● ACTION ITEM
Within the entries below, please retype exactly the lines starting with the line that has "- Colombia has" and going on through the line that has "Nelly Filly Rib", but not the pictures.

● SOURCE DATA
- - -

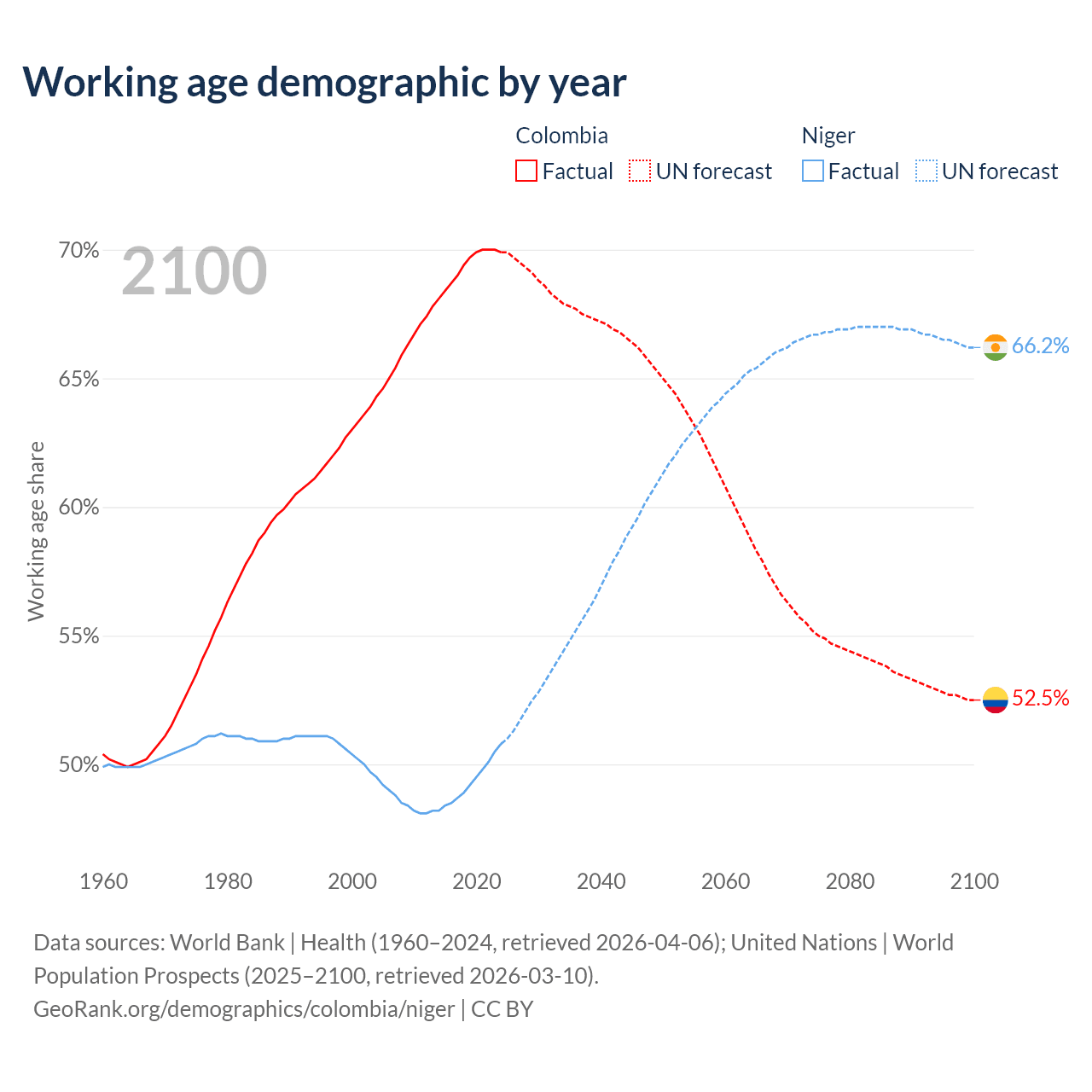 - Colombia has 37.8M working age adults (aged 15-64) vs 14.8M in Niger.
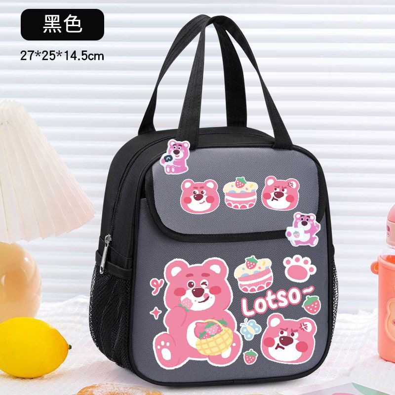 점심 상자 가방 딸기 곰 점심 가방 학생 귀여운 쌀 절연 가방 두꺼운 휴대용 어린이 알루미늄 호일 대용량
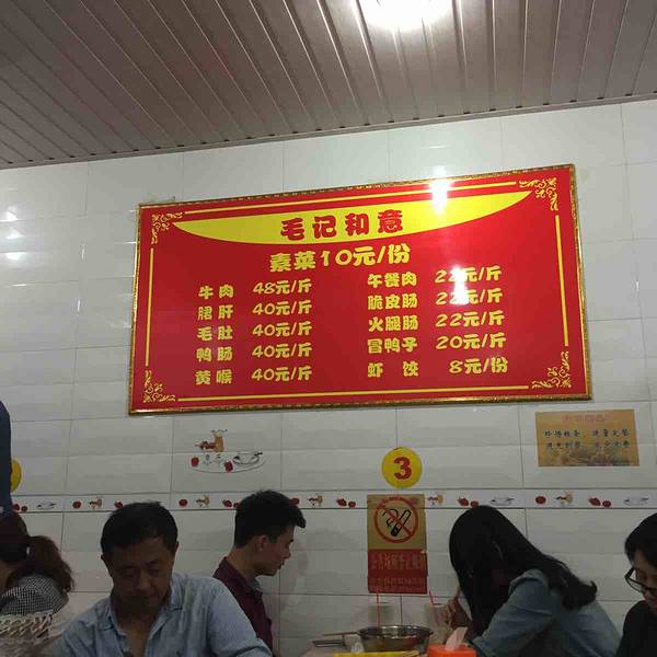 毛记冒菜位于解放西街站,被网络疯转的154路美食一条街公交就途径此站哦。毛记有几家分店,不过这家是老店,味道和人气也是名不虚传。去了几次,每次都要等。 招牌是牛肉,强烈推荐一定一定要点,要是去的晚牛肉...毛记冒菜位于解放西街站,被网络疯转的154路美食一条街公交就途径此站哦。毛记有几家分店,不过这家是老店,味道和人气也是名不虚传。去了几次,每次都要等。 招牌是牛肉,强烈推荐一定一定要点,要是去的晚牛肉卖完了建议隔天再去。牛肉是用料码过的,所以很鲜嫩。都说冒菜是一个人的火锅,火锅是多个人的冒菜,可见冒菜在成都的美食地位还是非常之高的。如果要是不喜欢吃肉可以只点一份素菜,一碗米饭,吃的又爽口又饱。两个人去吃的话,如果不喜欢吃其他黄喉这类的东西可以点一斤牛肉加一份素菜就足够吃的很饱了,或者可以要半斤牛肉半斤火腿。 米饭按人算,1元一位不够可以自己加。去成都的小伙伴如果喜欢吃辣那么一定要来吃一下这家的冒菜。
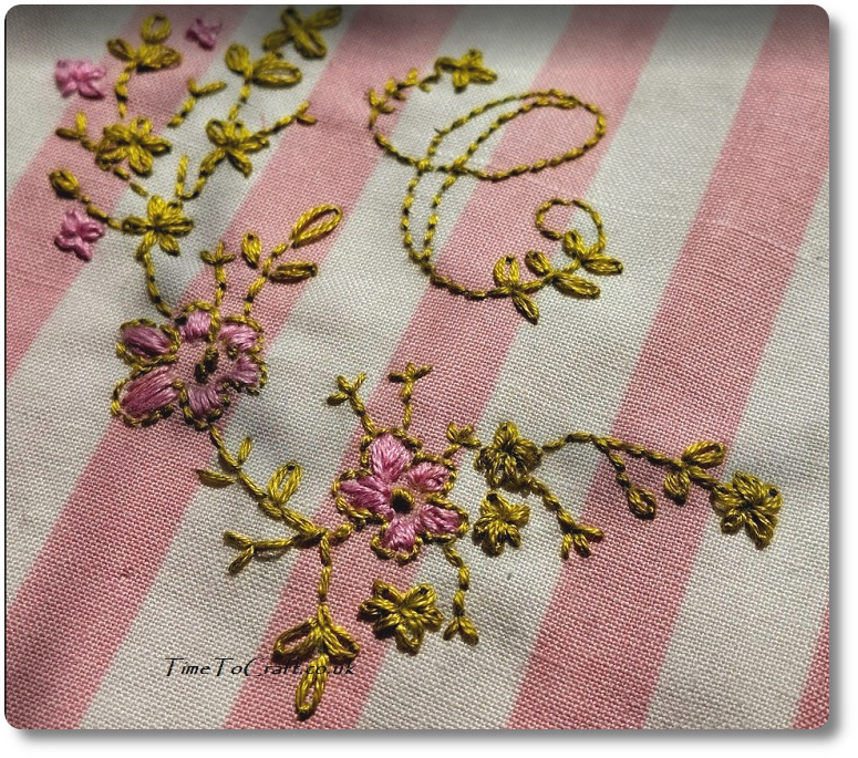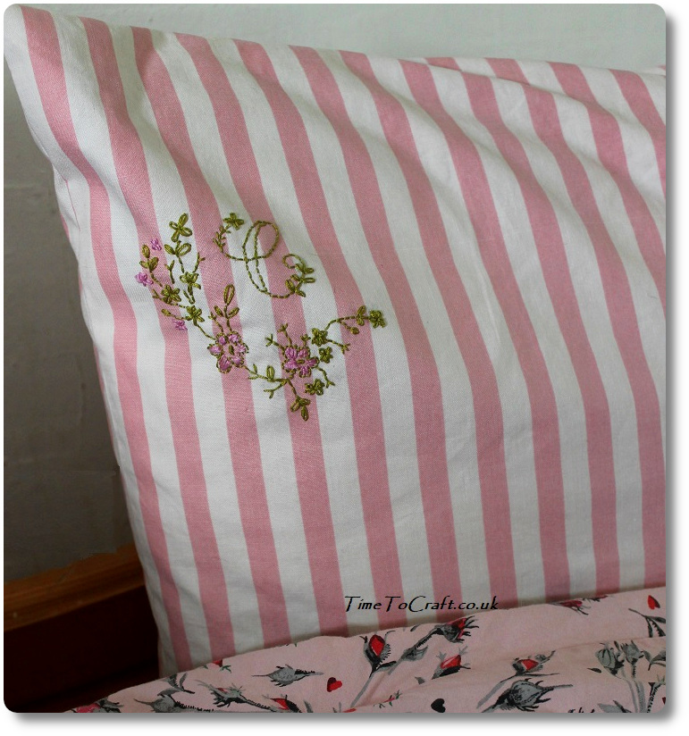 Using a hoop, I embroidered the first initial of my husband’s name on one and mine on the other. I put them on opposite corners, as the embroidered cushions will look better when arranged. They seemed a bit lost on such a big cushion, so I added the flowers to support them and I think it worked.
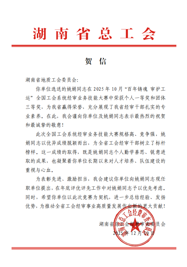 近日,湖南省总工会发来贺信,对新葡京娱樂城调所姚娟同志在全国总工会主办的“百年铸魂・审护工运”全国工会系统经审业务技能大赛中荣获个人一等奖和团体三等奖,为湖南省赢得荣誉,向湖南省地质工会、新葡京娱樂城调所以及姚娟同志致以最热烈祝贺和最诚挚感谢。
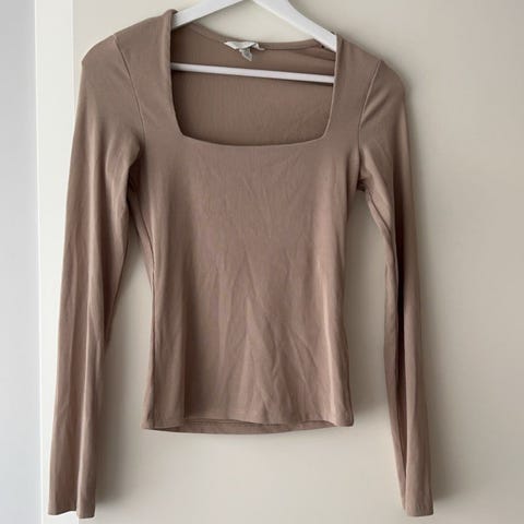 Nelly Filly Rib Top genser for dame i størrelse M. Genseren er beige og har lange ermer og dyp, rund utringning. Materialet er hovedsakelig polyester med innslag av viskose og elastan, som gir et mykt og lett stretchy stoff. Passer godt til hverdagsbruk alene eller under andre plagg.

- - -

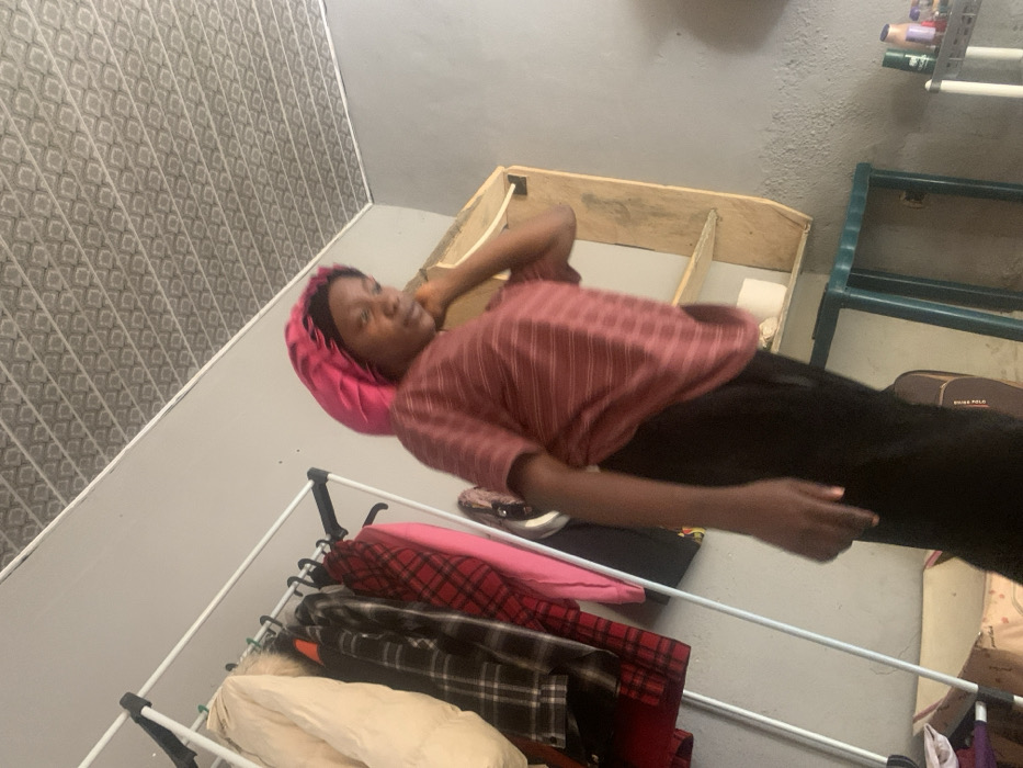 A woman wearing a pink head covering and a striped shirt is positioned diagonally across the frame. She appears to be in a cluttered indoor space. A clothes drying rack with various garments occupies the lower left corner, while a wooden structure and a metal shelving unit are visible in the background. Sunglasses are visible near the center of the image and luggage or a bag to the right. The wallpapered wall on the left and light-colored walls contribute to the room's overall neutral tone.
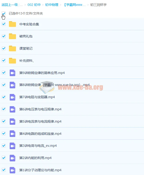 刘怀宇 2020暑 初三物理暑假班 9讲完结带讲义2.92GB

- - -

● THE COMPLETED TASK
 - Colombia has 37.8M working age adults (aged 15-64) vs 14.8M in Niger.
 점심 상자 가방 딸기 곰 점심 가방 학생 귀여운 쌀 절연 가방 두꺼운 휴대용 어린이 알루미늄 호일 대용량
 毛记冒菜位于解放西街站,被网络疯转的154路美食一条街公交就途径此站哦。毛记有几家分店,不过这家是老店,味道和人气也是名不虚传。去了几次,每次都要等。 招牌是牛肉,强烈推荐一定一定要点,要是去的晚牛肉...毛记冒菜位于解放西街站,被网络疯转的154路美食一条街公交就途径此站哦。毛记有几家分店,不过这家是老店,味道和人气也是名不虚传。去了几次,每次都要等。 招牌是牛肉,强烈推荐一定一定要点,要是去的晚牛肉卖完了建议隔天再去。牛肉是用料码过的,所以很鲜嫩。都说冒菜是一个人的火锅,火锅是多个人的冒菜,可见冒菜在成都的美食地位还是非常之高的。如果要是不喜欢吃肉可以只点一份素菜,一碗米饭,吃的又爽口又饱。两个人去吃的话,如果不喜欢吃其他黄喉这类的东西可以点一斤牛肉加一份素菜就足够吃的很饱了,或者可以要半斤牛肉半斤火腿。 米饭按人算,1元一位不够可以自己加。去成都的小伙伴如果喜欢吃辣那么一定要来吃一下这家的冒菜。
 Using a hoop, I embroidered the first initial of my husband’s name on one and mine on the other. I put them on opposite corners, as the embroidered cushions will look better when arranged. They seemed a bit lost on such a big cushion, so I added the flowers to support them and I think it worked.
 近日,湖南省总工会发来贺信,对新葡京娱樂城调所姚娟同志在全国总工会主办的“百年铸魂・审护工运”全国工会系统经审业务技能大赛中荣获个人一等奖和团体三等奖,为湖南省赢得荣誉,向湖南省地质工会、新葡京娱樂城调所以及姚娟同志致以最热烈祝贺和最诚挚感谢。
 Nelly Filly Rib Top genser for dame i størrelse M. Genseren er beige og har lange ermer og dyp, rund utringning. Materialet er hovedsakelig polyester med innslag av viskose og elastan, som gir et mykt og lett stretchy stoff. Passer godt til hverdagsbruk alene eller under andre plagg.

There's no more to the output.